- **Directions for this task**:
A word-for-word copy of the data is what's wanted; pictures stay out of it.

- **Data block**:
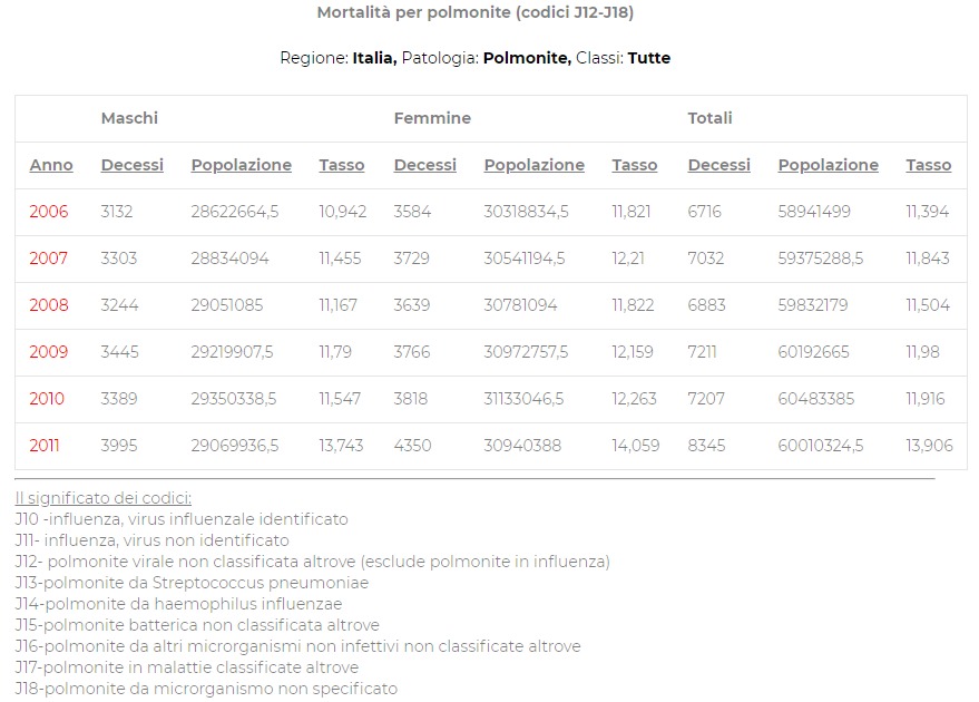 Dunque, stante il fatto che i morti per influenza “normale” potrebbero essere maggiori di quelli per il coronavirus, vi allego anche qualche statistica, dell’ISTAT, a conforto. Come vedete la polmonite è qualcosa che flagella da anni l’Italia…., sotto.
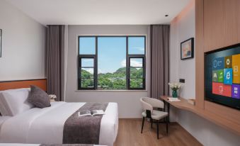新裝修的酒店房間比較智能,都有小度操控,住起來很方便,房間還配備了小冰箱免費的飲料,咖啡還含早餐,早餐也是免費的,有免費的停車場,衞生非常乾淨。前台小姐姐服務很熱情,周圍交通也很方便,出門就有出租車離錦滙廣場也很近,非常值得推薦
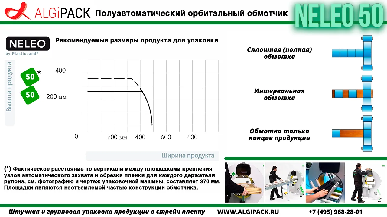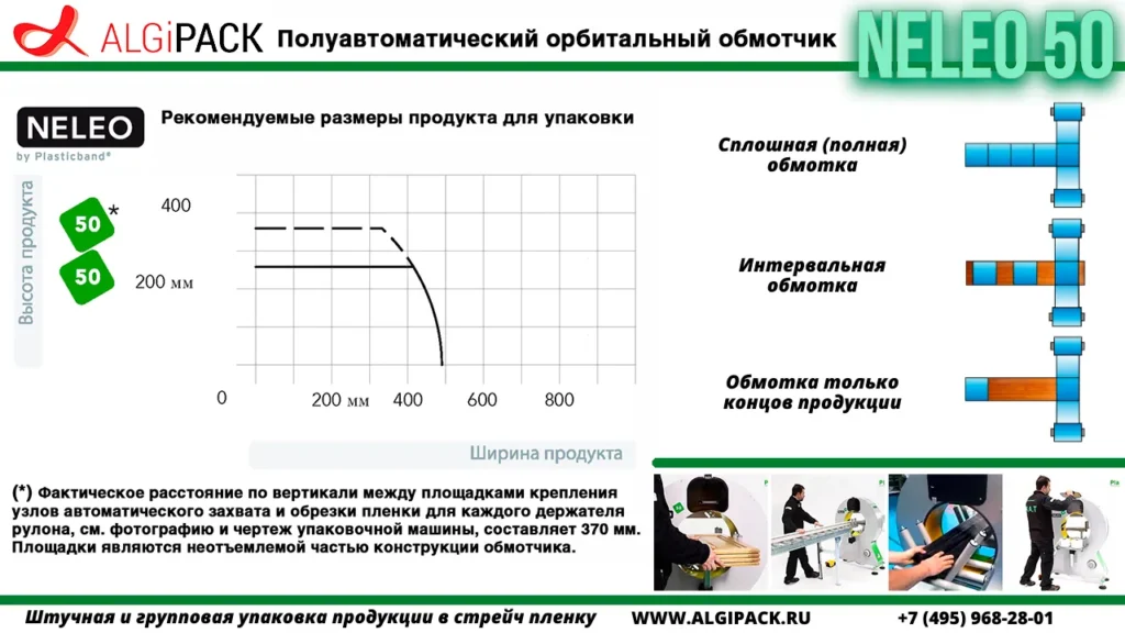 Для определения и выбора модели орбитального обмотчика серии NELEO для Вашего производства, воспользуйтесь таблицей предельных размеров продукта для упаковки, расположенной ниже.

- **Answer to this exercise**:
 Dunque, stante il fatto che i morti per influenza “normale” potrebbero essere maggiori di quelli per il coronavirus, vi allego anche qualche statistica, dell’ISTAT, a conforto. Come vedete la polmonite è qualcosa che flagella da anni l’Italia…., sotto.
新裝修的酒店房間比較智能,都有小度操控,住起來很方便,房間還配備了小冰箱免費的飲料,咖啡還含早餐,早餐也是免費的,有免費的停車場,衞生非常乾淨。前台小姐姐服務很熱情,周圍交通也很方便,出門就有出租車離錦滙廣場也很近,非常值得推薦
 Для определения и выбора модели орбитального обмотчика серии NELEO для Вашего производства, воспользуйтесь таблицей предельных размеров продукта для упаковки, расположенной ниже.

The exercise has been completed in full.